Jeff held the palmtop up and allowed his jaw to drop as he viewed the slideshow of pictures parading across the little screen. "These are from the site?"
"They are. A man who does work for me took them not three nights ago. I agonized for two of those nights before attempting to contact you directly."
"My apologies," Jeff breathed, unable to tear his eyes from the photos. "I was away." He looked from picture to picture. "My God, what is this?"
Cho sat back on a stool and watched Jeff intently.
"So what...?" Jeff felt something strange wash over him and reached out a hand to steady himself on the lab counter. "How did this get by our original...?" Again, his voice stopped abruptly as he swayed.
"You must have traveled quite a ways, Mr. Tracy. Perhaps you merely need a small rest."
"I don't have...I don't..." Jeff blinked, dropping the palmtop to the counter. "Perhaps..."
"Come," Cho took his arm and led him to a sofa in the corner that Jeff hadn't noticed before. A sofa that seemed oddly out of place in the high-tech clean room. "It will only be a short rest you need."
Jeff nodded but could not respond as he practically fell onto the sofa. Before his head hit it, he was unconscious.
"There now, you will sleep," Cho said, the broad smile having returned. He quickly retreated to another room and returned minutes later with a syringe in one hand and a tiny glass vial in the other.
Kneeling at Jeff's side, Ken Cho rolled the billionaire's sleeve up and pulled his arm straight, inside of the elbow facing up. He grabbed an alcohol wipe, ripped open the packet and quickly wiped an area, then tossed the wipe aside. He pulled the old-fashioned syringe cover off with his teeth and spat it to the floor.
"A hypo spray won't do this time, Jeff Tracy," he said brightly as he used the syringe to draw the pale yellow liquid out of the small vial in his other hand. "You see, I need a much more direct route into your blood."
It took mere seconds for Cho to administer the liquid directly into Jeff's blood stream. He held a cotton ball over the area for a few moments, waiting to make sure the tiny pinprick clotted properly.
Cho had visions of what this would do to Jefferson Grant Tracy. But the best vision of all was the one where he took the project over after Jeff's strange disappearance was complete. Took it over and himself, at last, became rich.
"Sorry, Tracy," he said sweetly, truly seeming to mean it. "But this is the only way."
It tried to stifle the growl, knowing silence was its best bet now. The prey moved closer. It needed to feed. Why, how, where was not important. Only filling the need, the hunger, and the want. Two already. Now this, to be the third. Somewhere in the back of a mind it no longer heeded it registered that this was a female, but other than the brief neuron acknowledging that along a nearly forgotten neural pathway, there was not even a flicker of care.
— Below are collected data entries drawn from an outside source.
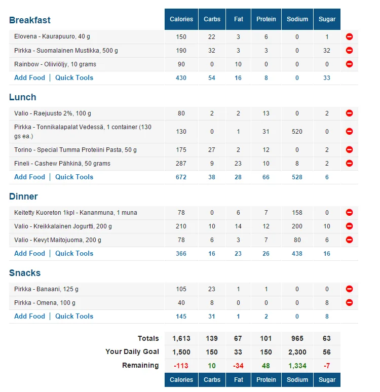 Tässä nyt dieetillä mennään noin 2400 kcal tietämissä. Tältä näyttää pääpiirteittäin päivittäinen ruokavalio. Lisukkeet ja lihat kiertävät toki jonkin verran. Treenipäivinä sitten pyöreä 200kcal safkasta korvataan treenijuomilla.
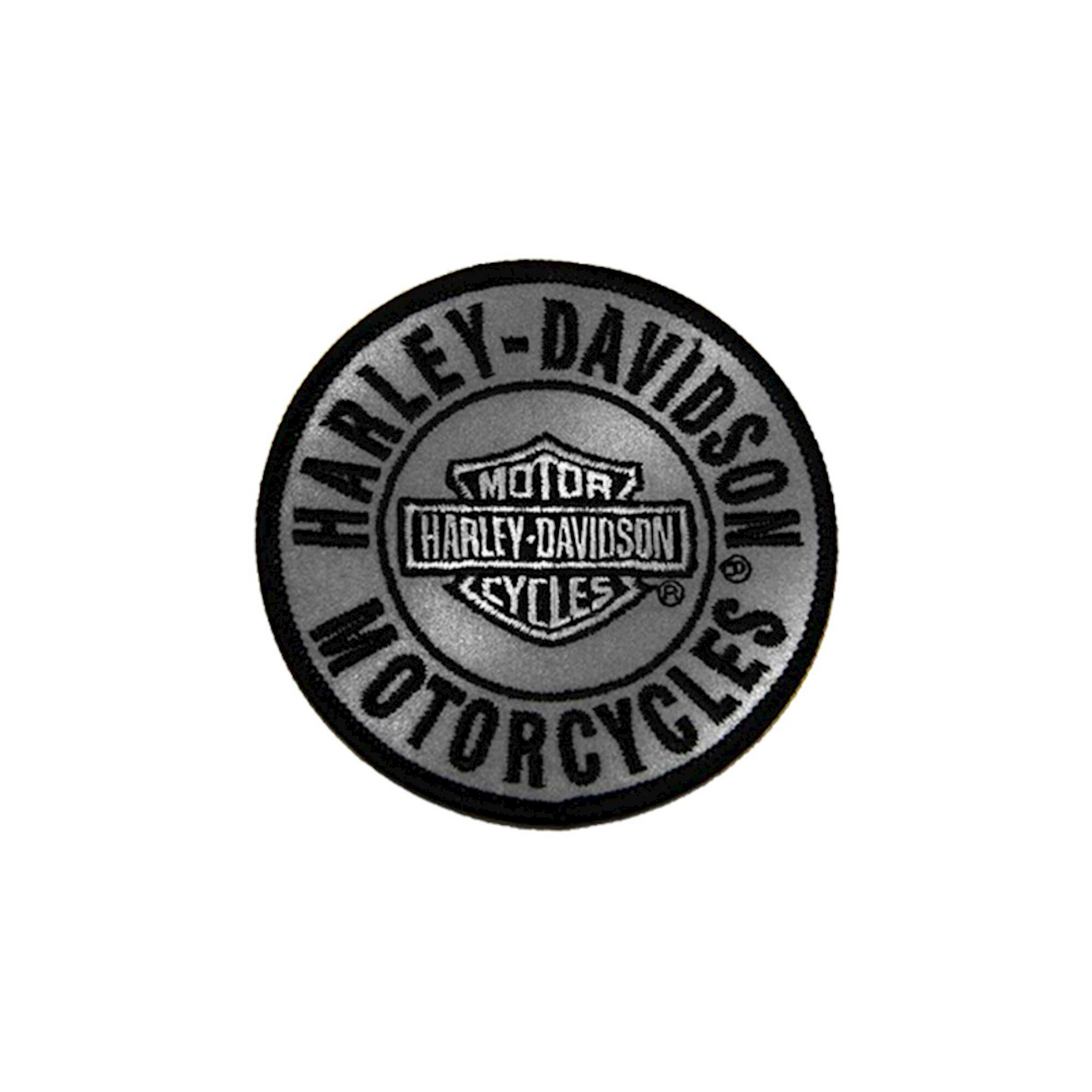 Harley-Davidson® 3" Reflective Round Patch, 8011819. High-quality embroidered Harley-Davidson® script with an iconic Bar & Shield logo on a reflective background. Sturdy black woven trim that will hold up ride after ride. X-small size patch, Size: 3". Sew-on patch. Great looking patch to be sewn on your vest or jacket.
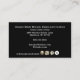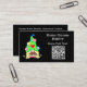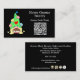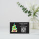 QR Code Gnome Hometown Bakery Black Business Card. Funny baker gnome with a macaron hat and holding a piece of cake. A fun bakery business card. Personalise this template with your information. Customise it further for more changes. Four social media symbols are on the back of the card. When customising it, any of the images can be taken off and moved around.
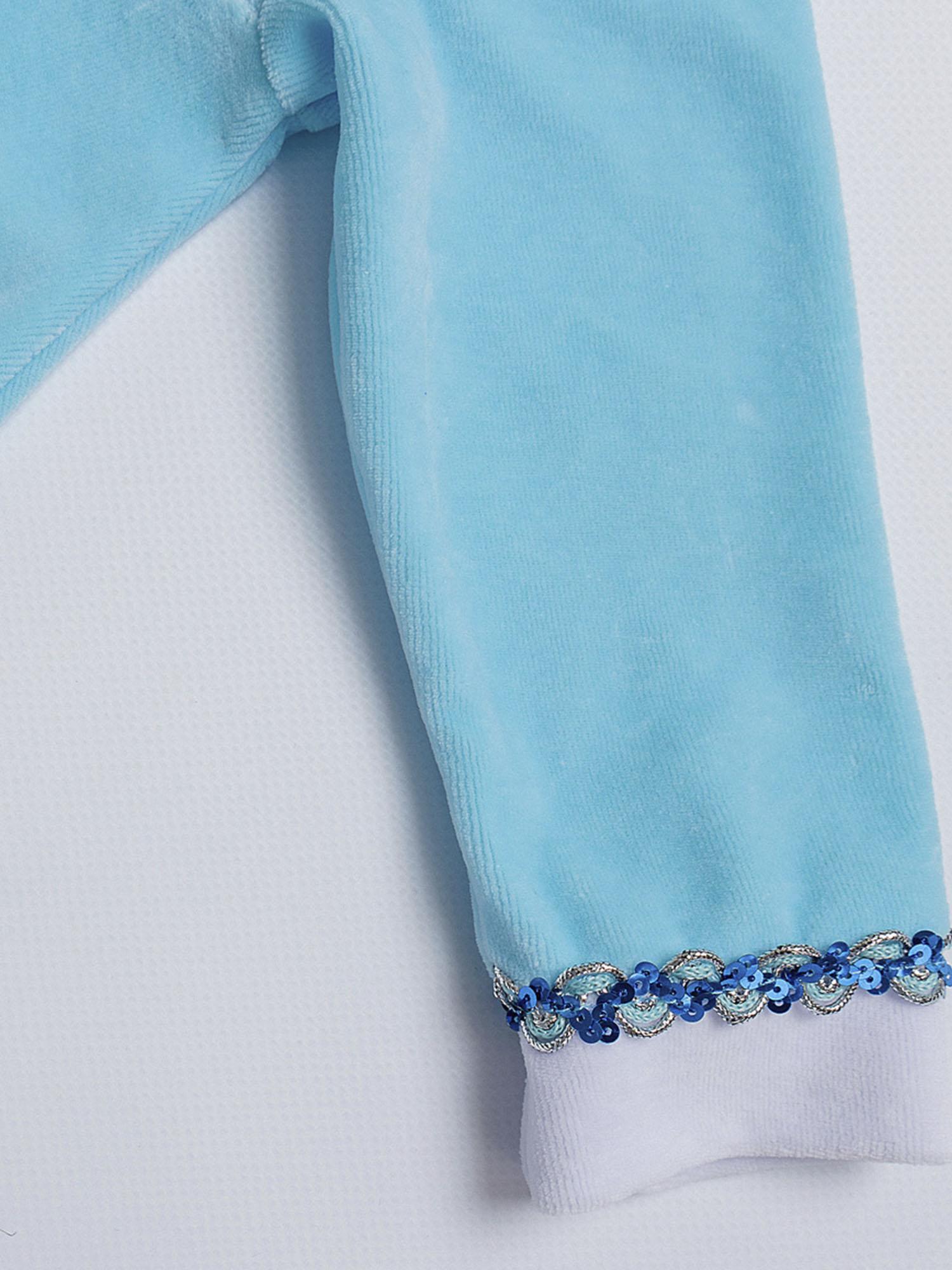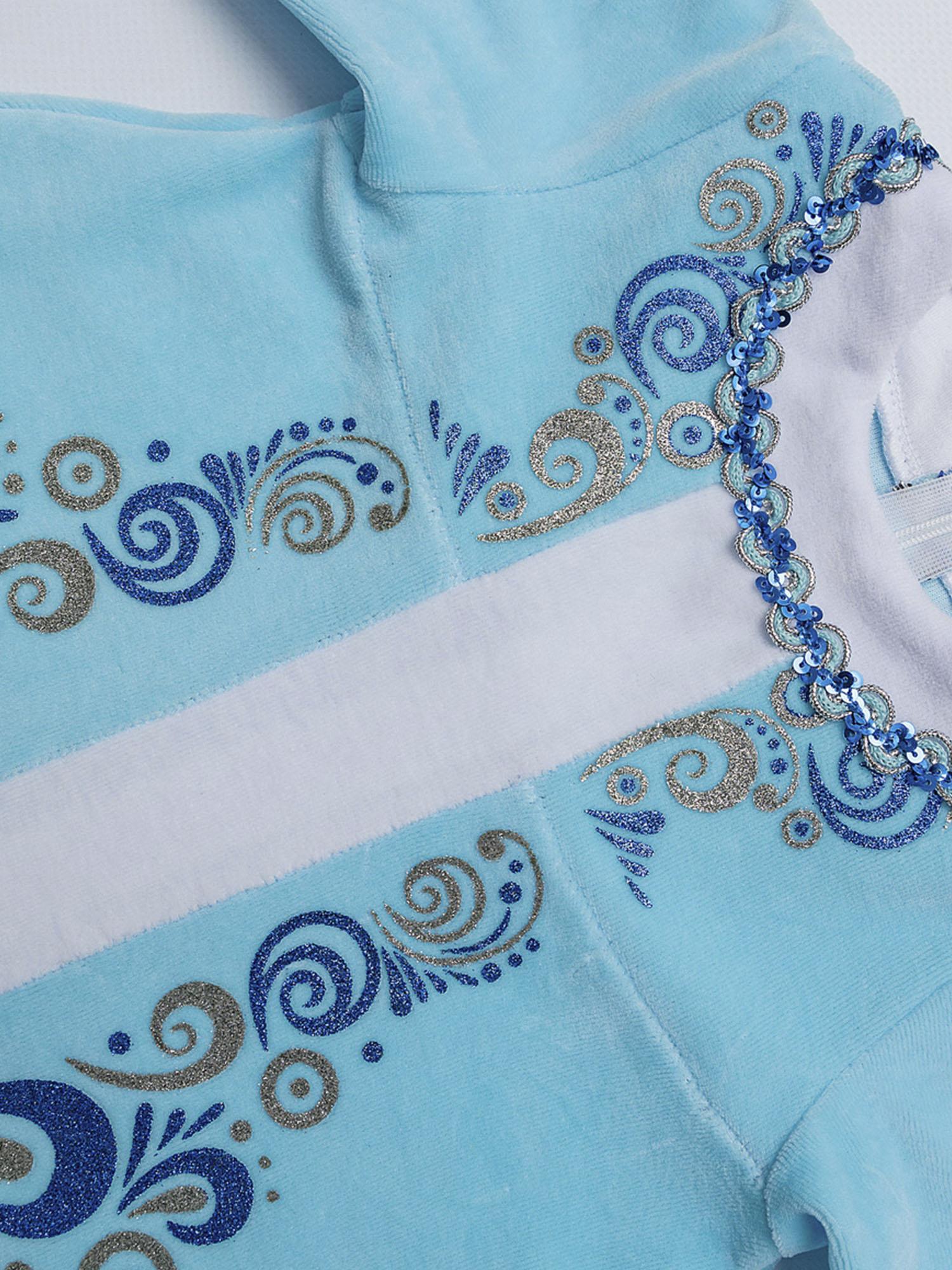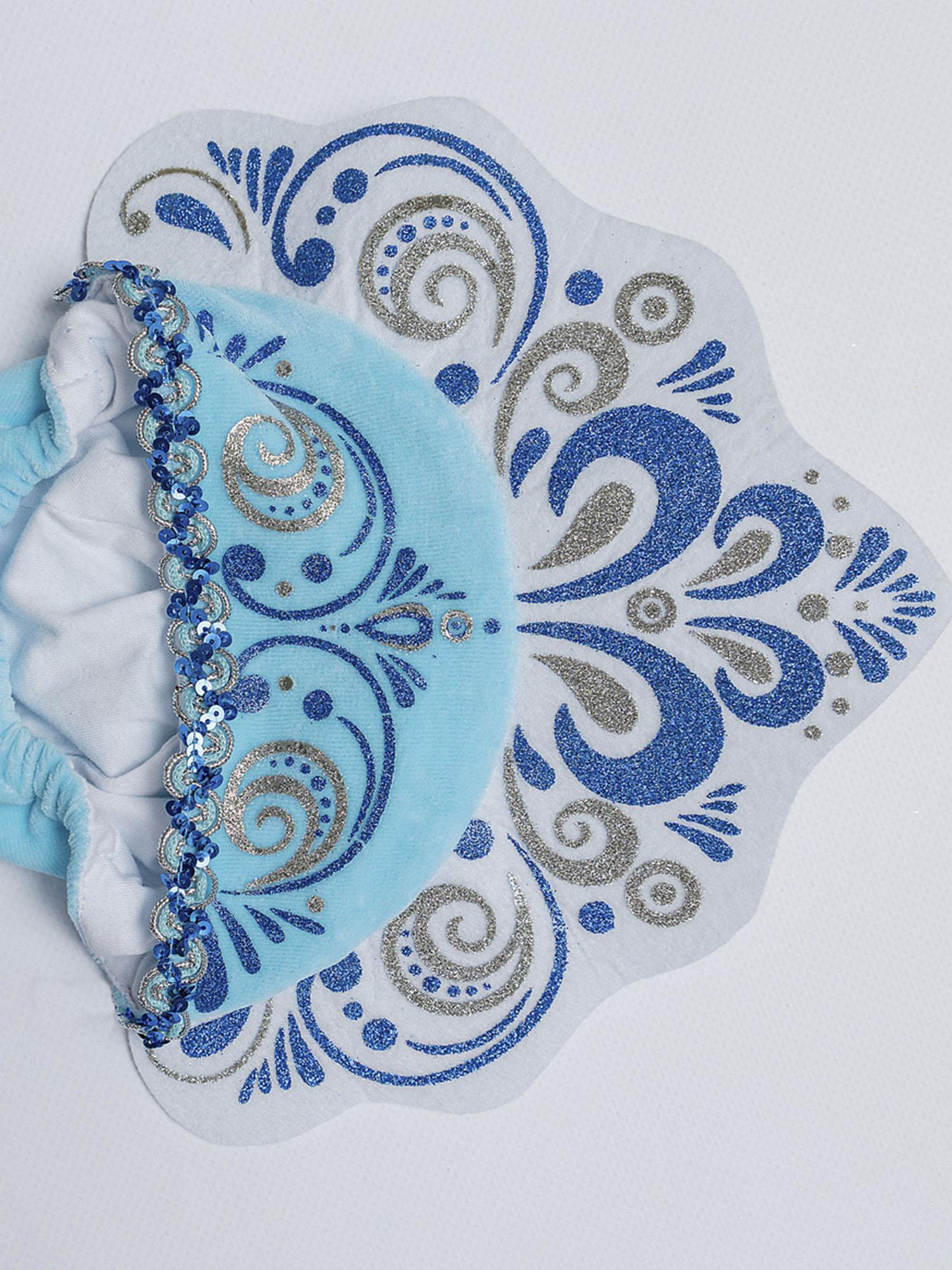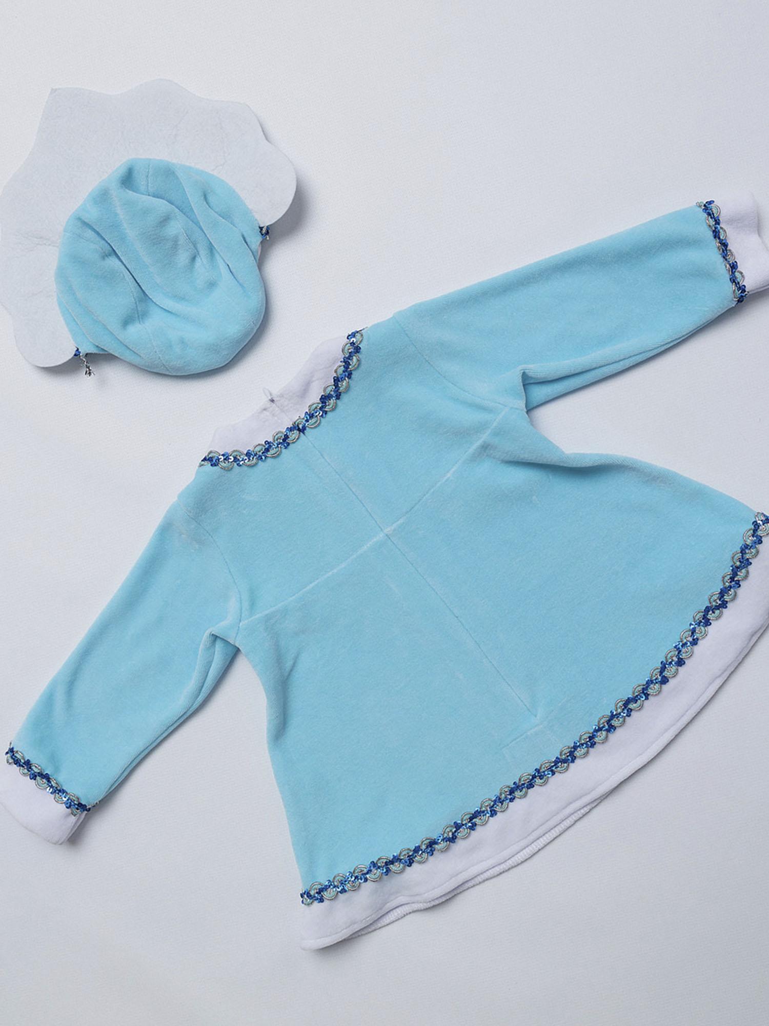 Детский новогодний костюм Снегурочки для девочек от 6 месяцев до 1,5 лет. Волшебный наряд в бело-голубом цвете представлен коротким платьем и кокошником.

Saliva dripped from the mouth with fangs protruding at odd and incongruous angles. The head pulled at the shoulder as though wishing it could be apart from that it had grown from. The rustling of leaves told both that prey was coming nearer. Muscles tensed. Two clawed hands found fingers curling in anticipation.
A short scream tearing apart the quiet of the rest area was the only indication the beast had succeeded.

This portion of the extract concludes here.